In personality disorder treatment, the perfect can often be the enemy of the good, with specialised interventions usually being prolonged and intensive at the cost of accessibility. A feature and strength of the CAT approach to individual therapy is its focus on being time limited (typically 16–24 weeks) and managing the ending in therapy from the outset. A ‘good enough’ ending is seen as an important therapeutic experience and a means of avoiding prolonged and/or collusive relationships. It also has a practical aim of improving access to therapy by increasing throughput in programmes. This may make it suitable for more widespread use in publically funded mental health systems and complementary to more prolonged and intensive interventions, which might be reserved either for those individuals with unsatisfactory outcomes from a trial of time-limited intervention or (in Clarke et al's study Reference Clarke, Thomas and James4 ) those with severe self-harm. Although this seems clinically sensible there is no evidence, at present, about the effectiveness of this approach.

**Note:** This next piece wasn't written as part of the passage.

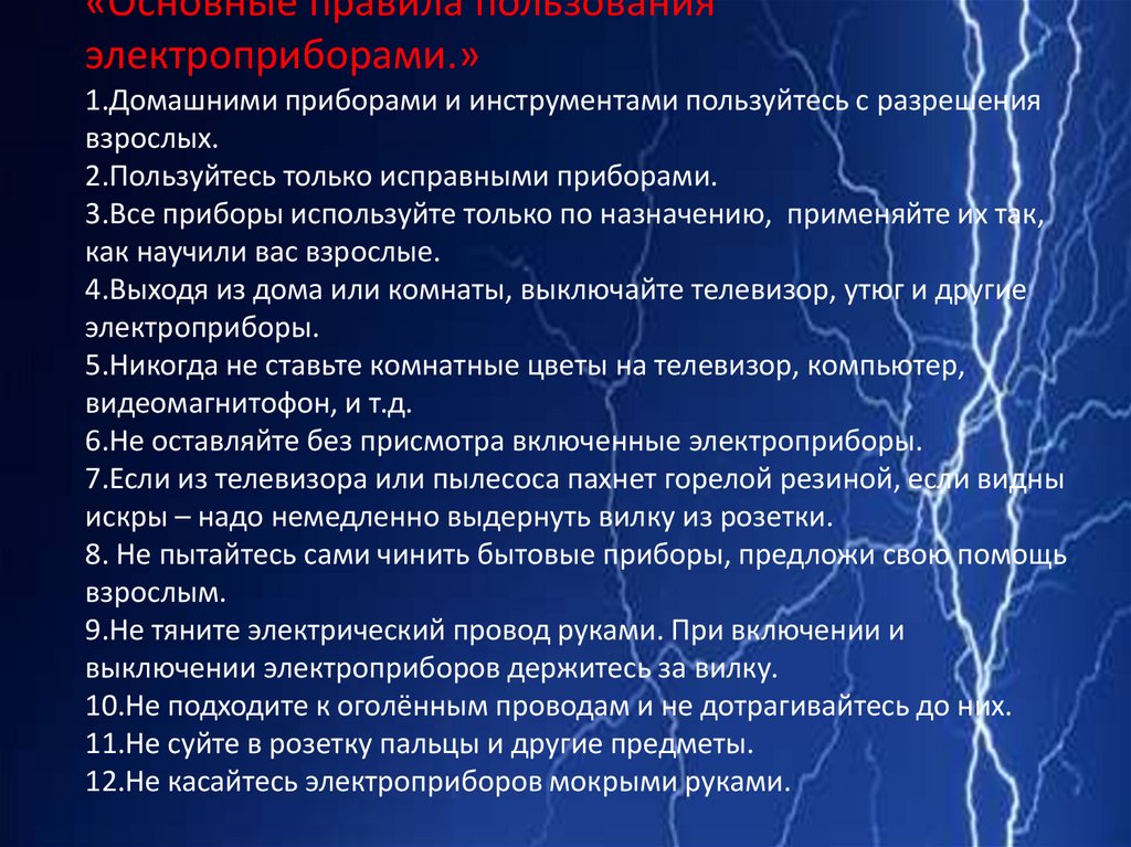 «Основные правила пользованияэлектроприборами.»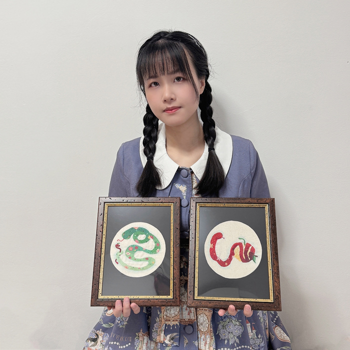 作品《蘋果蛇》創作于2025年,即中國生肖蛇年,而蛇與蘋果在西方基督教文化中有著“誘惑”與“禁果”的含義。陳玢綸在這一系列作品中,運用了中國傳統刺繡工藝,通過蛇與蘋果的藝術碰撞,體現了藝術家身處中西文化交織的多元環境里對文化溯源、演變、交融的獨特敘事,探索了中西文化的交織與對比,呈現出別樣的藝術對話。

Similar to other interventions, including longer-term ones, typical training programmes to become an independent CAT practitioner take at least 2 years. Although necessary, such requirements are likely to limit the uptake of such interventions across mental health systems. This underscores the need for simpler and more easily disseminated interventions, if that is possible to achieve, for problems that by their very nature are complex. It remains untested whether intervention at the service system level, such as teaching the basic principles and relational skills underlying structured interventions such as CAT to a broad range of clinicians, might change their interactions with patients with personality disorders to the extent that at least clinicians and services will first do no harm.